CN102621728A - Touch device with shielding layer - Google Patents

Abstract

The invention discloses a touch device with a shielding layer. The touch device comprises a touch module and a display module. The display module comprises a thin film transistor substrate, a color filter substrate, a liquid crystal layer, a first polaroid, a second polaroid and a shielding layer. The shielding layer can be arranged between the color filter substrate and the second polarizer or arranged on the second polarizer. The touch module comprises an upper cover substrate, a plurality of sensing pads and a protective layer. The plurality of sensing pads are formed on the lower side of the upper cover substrate. The grounding voltage of the sensing pads is electrically connected to the shielding layer to block the noise generated by the display module to the touch module.

Description

Touch device with shield

technical field

The invention relates to a touch device, in particular to a touch device with a shielding layer to improve the noise generated by the display module to the touch module.

Background technique

The touch control principles in the touch panel are mainly divided into: resistive, capacitive, sonic and infrared, among which the resistive and capacitive are more widely used in the industry. The resistive touch panel is composed of two conductive sheets, and a number of spacers are distributed in the middle of the two conductive sheets, so that the two conductive sheets are in a non-conductive state when they are not touched. When the conductive sheet is pushed out by the contact pressure and the spacer below the pressure point is formed to form a conduction between the upper and lower conductive sheets, the coordinates of the pressure point can be obtained by measuring the relationship between the resistance in the conduction loop and the applied bias voltage . Compared with the resistive touch panel that needs bias voltage, the action principle of the capacitive touch panel comes from the capacitance change extended when the finger or conductor touches the touch panel. When the conductor or finger touches the surface of the insulating layer, the lower part Based on this, the distributed capacitance sensing pad can measure the difference in capacitance generated when the finger/conductor is in contact, so as to calculate the coordinates of the contact point.

Please refer to FIG. 1 , which is a schematic diagram of a capacitive touch device in the background art. The touch device 100 includes a touch module 110 and a display module 120 . The display module 120 includes a first polarizer 121 , a TFT substrate 122 , a liquid crystal layer 123 , a color filter substrate 124 and a second polarizer 125 . The liquid crystal layer 123 is disposed between the TFT substrate 122 and the color filter substrate 124 , the first polarizer 121 is attached to the TFT substrate 122 , and the second polarizer 125 is attached to the color filter substrate 124 . The touch module 110 is attached to the display module 120 through the adhesive layer 131 . The touch module 110 includes a cover substrate 111 , a plurality of sensor patterns 112 , a protection layer 113 , a sensor glass 114 and a shielding layer 115 . The sensing substrate 114 is made of glass, and can utilize indium tin oxide (Indium Tin Oxide, ITO) sputtering (sputtering) to form the shielding layer 115 below the sensing substrate 114. Since the thickness of the sensing substrate 114 is about 1mm, Excessive coupling capacitance will not be generated between the shielding layer 115 and the sensing pad 112 to affect touch sensing. The plurality of sensing pads 112 are used to sense the position of the touch. When the sensing capacitance is generated between the sensing pads 112 due to the touch, the position of the touch can be determined through the change of the capacitance value. A plurality of sensing pads 112 are formed on the sensing substrate 114, the plurality of sensing pads 112 have a protective layer 113, the upper cover substrate 111 is disposed above the protective layer 113, and the user touches on the upper side of the upper cover substrate 111 operation, so the upper cover substrate 111 is made of wear-resistant and scratch-resistant material. The shielding layer 115 is disposed on the lower side of the sensing substrate 114 . The ground voltage of the plurality of sensing pads 112 is electrically connected to the shielding layer 115 . The shielding layer 115 can block the noise generated by the display module 120 to the touch module 110 .

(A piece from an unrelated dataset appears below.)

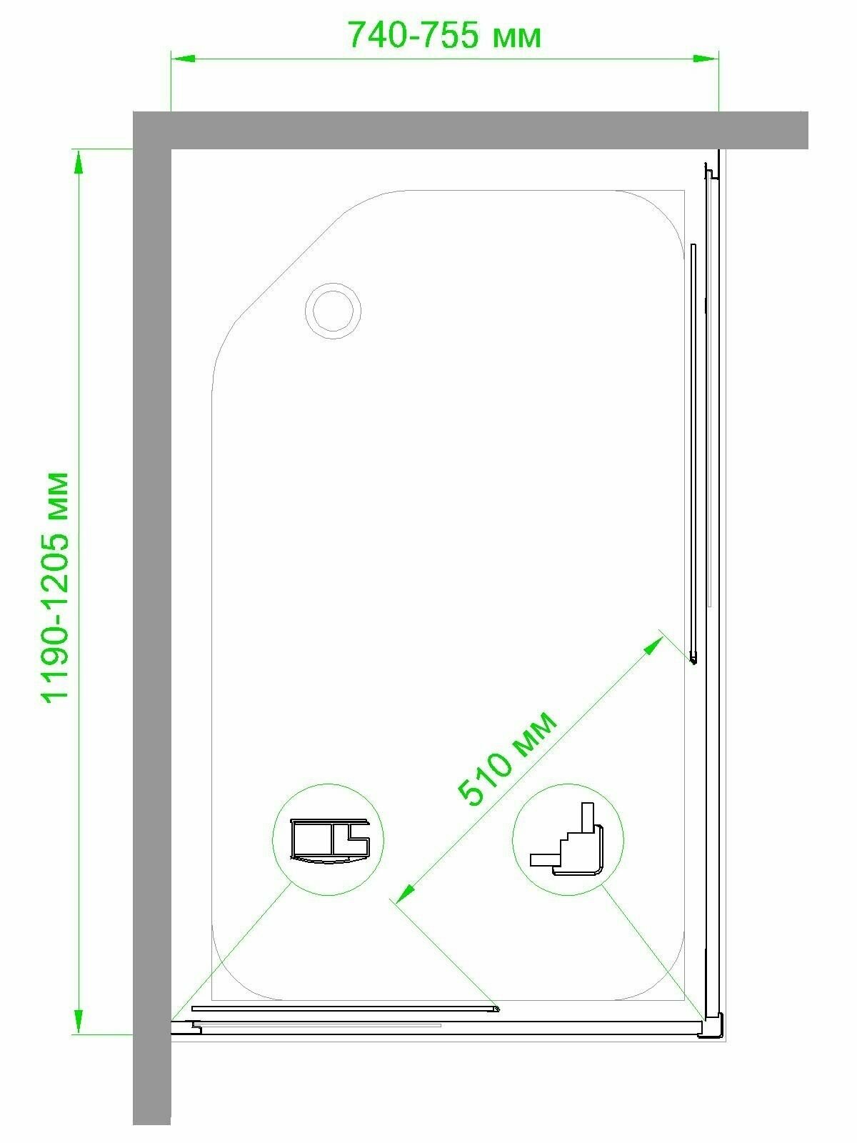 Душевой уголок 75х90х200 Royal Bath прямоуголник стекло прозрачное 6 мм профиль черный матовый

The above-mentioned touch module 110 has a double-layer substrate structure, that is, the touch module 110 includes a cover substrate 111 and a sensing substrate 114 , and a plurality of sensing pads 112 are formed on the sensing substrate 114 . However, in order to reduce the thickness of the touch device, many touch devices use a touch module with a single-layer substrate structure, that is, a plurality of sensing pads are directly formed on the lower side of the upper cover substrate, and the sensing pads are covered with a protective layer. Since the thickness of the protective layer is about several micrometers (10 ⁻⁶ m), if the shielding layer is disposed on the protective layer, excessive coupling capacitance will be generated between the shielding layer and the sensing pad, which will affect touch sensing. However, if no shielding layer is provided, the noise generated by the display module will seriously affect the sensing of the touch module.

Contents of the invention

Therefore, an object of the present invention is to provide a touch device with a shielding layer to solve the above problems.

The invention provides a touch device, which includes a display module and a touch module. The display module includes a thin film transistor substrate, a color filter substrate, a liquid crystal layer, a first polarizer, a shielding layer and a second polarizer. The liquid crystal layer is disposed between the thin film transistor substrate and the color filter substrate. The first polarizer is attached to the TFT substrate. The shielding layer is disposed on the color filter substrate. The second polarizer is attached on the shielding layer. The touch module includes an upper cover substrate, a plurality of sensing pads and a protection layer. The plurality of sensing pads are formed on the lower side of the upper cover substrate, and the plurality of sensing pads are electrically connected to the shielding layer. The protection layer is formed on the plurality of sensing pads, and the thickness of the protection layer is about several micrometers (10 ⁻⁶ m), and the lower side of the protection layer is attached to the display module through a glue layer.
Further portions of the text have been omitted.